Use this node when you need to extract content from web pages and optionally get concise answers to specific questions about that content. Provide one or more URLs (newline-separated), choose a recursion depth for following links, and optionally add queries (newline-separated). The node returns a human-readable answers summary and a JSON string containing all scraped documents.

Inputs¶

Field	Required	Type	Description	Example
urls	True	STRING	One or multiple starting URLs to scrape. Separate multiple URLs with line breaks. At least one non-empty URL is required.	https://example.com https://example.org/articles/123
max_depth	True	INT	Maximum recursion depth for following links from the provided pages. At depth 0, only the provided URLs are scraped. Valid range: 0–3.	1
queries	True	STRING	Optional questions to answer based on the scraped content. Separate multiple queries with line breaks. Can be left empty to only retrieve documents.	What is the main topic of the page?

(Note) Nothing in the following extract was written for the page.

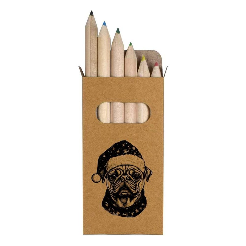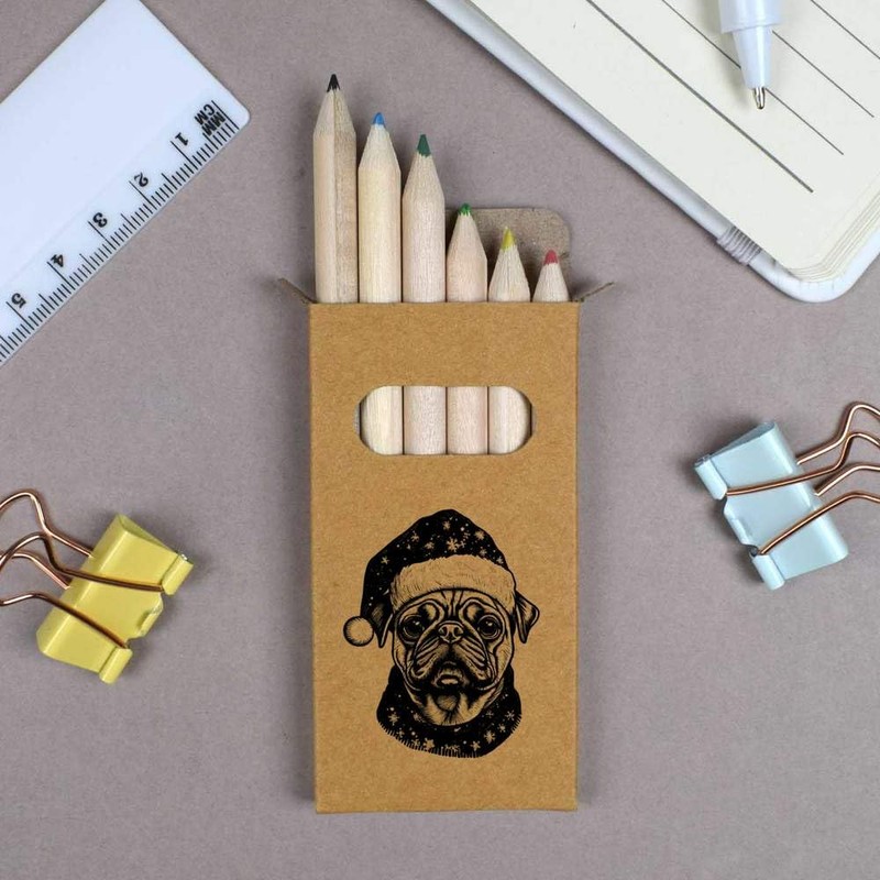 Azeeda 6 x 'Pug with a Christmas Hat on' Short 85mm Pencils/Coloured Pencil Set (PE00058332)

List the key takeaways.

Outputs¶

Field	Type	Description	Example
answers	STRING	A formatted text summary containing each query and its corresponding answer. If a query fails, the response includes a note indicating it was skipped due to an exception.	Query What is the main topic? Answer The page discusses example domain usage and purpose.
documents	STRING	A JSON-formatted string representing the list of scraped documents. Each document includes fields such as name and content. If a page failed to load, its content explains the exception.	[ { "name": "https://example.com", "content": "Example Domain ..." }, { "name": "Error", "content": "Page was skipped due to exception:\n" } ]

Important Notes¶

External service dependency: This node calls the Agents service endpoint at agents/web_scrape. Network connectivity and correct service configuration are required.
Timeout: Requests time out after 300 seconds. Large pages or high recursion depth can increase processing time.
Depth limit: max_depth is capped at 3. Depth 0 scrapes only the provided URLs.
Input formatting: Provide multiple URLs or queries as separate lines. At least one URL is required; queries can be empty.
Error propagation: Non-200 responses or JSON parsing issues will raise an exception. Failed pages or queries are returned with explanatory messages in the outputs.

Troubleshooting¶

Non-200 or request failure: Verify the URLs are valid and reachable, and ensure the Agents service endpoint is configured and accessible. Try reducing the number of URLs.
Timeouts: Reduce max_depth, provide fewer/lighter pages, or try again when the network is stable. Very large or complex pages increase processing time.
Empty answers: If no queries are provided, the answers output will be empty or minimal by design. Add queries to receive Q&A output.
Malformed documents JSON: The documents output is a JSON string. If downstream nodes fail to parse it, ensure they expect a JSON string and not a Python object.
Unexpected HTML or proxy pages: If JSON decoding errors occur, the service may be returning an HTML error page (e.g., proxy/auth). Check service URL configuration and authentication requirements.